A character string. The first string to compare.

s2

A character string. The second string to compare.

score_cutoff

A numeric value (default is 0) specifying the minimum similarity score threshold. Scores below this threshold may trigger early exits in the computation.

Value

A numeric similarity score between 0 and 100, representing the degree of similarity between the two input strings.

Details

This function performs the following steps:

  • Tokenizes the input strings.

  • Identifies intersecting and differing tokens between the two tokenized sets.

  • Computes the longest common subsequence (LCS) distance for differing tokens and normalizes it.
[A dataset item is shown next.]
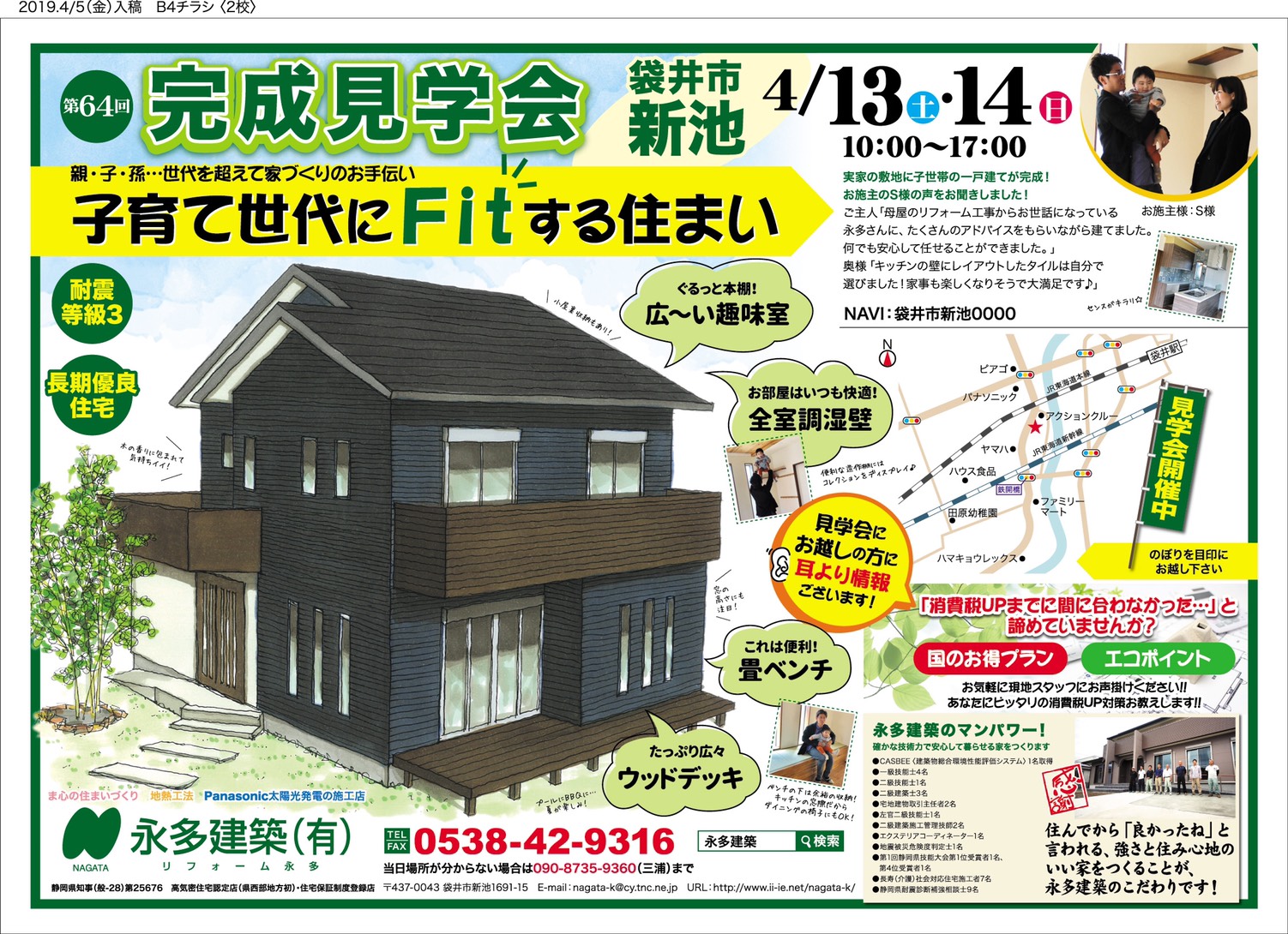 第64回 完成現場見学会 第64回 完成現場見学会 雨天開催 地域型グリーン化事業 (長期優良住宅) 場所 静岡県袋井市新池778 現場周辺に旗を建てております。予約されてない方でもお気軽にお越しくださいませ。 日時 4/13(土)10:00~16:00 4/14(日) 10:00~16:00 事前予約受付状況 4/13 (土) 4/14 (日) 10:00~ 予約済 10:00~ 予約済 11:00~ 予約済 11:00~ 予約済 13:00~ 予約済 13:00~ 14:00~ 14:00~ 予約済 15:00~ 15:00~ 16:00~ 16:00~ ※予約された方には当日特典があります。 ※当日 他社図面や見積りの資料をお持ち頂いた新規のお客様、相見積もり大歓迎です。 収納力のある 趣味室

  • Calculates similarity ratios for intersecting tokens combined with differing token sets.

  • Returns the maximum of the normalized LCS distance and the two intersecting token ratios.

The function short-circuits to return 100 if one token set is a subset of the other. If either input string is empty, the function returns 0.

Examples

# Example usage:
fuzzy_token_set_ratio("fuzzy was a bear", "fuzzy was a dog", score_cutoff = 80)
#> [1] 84.61538
fuzzy_token_set_ratio("hello world", "world hello")
#> [1] 100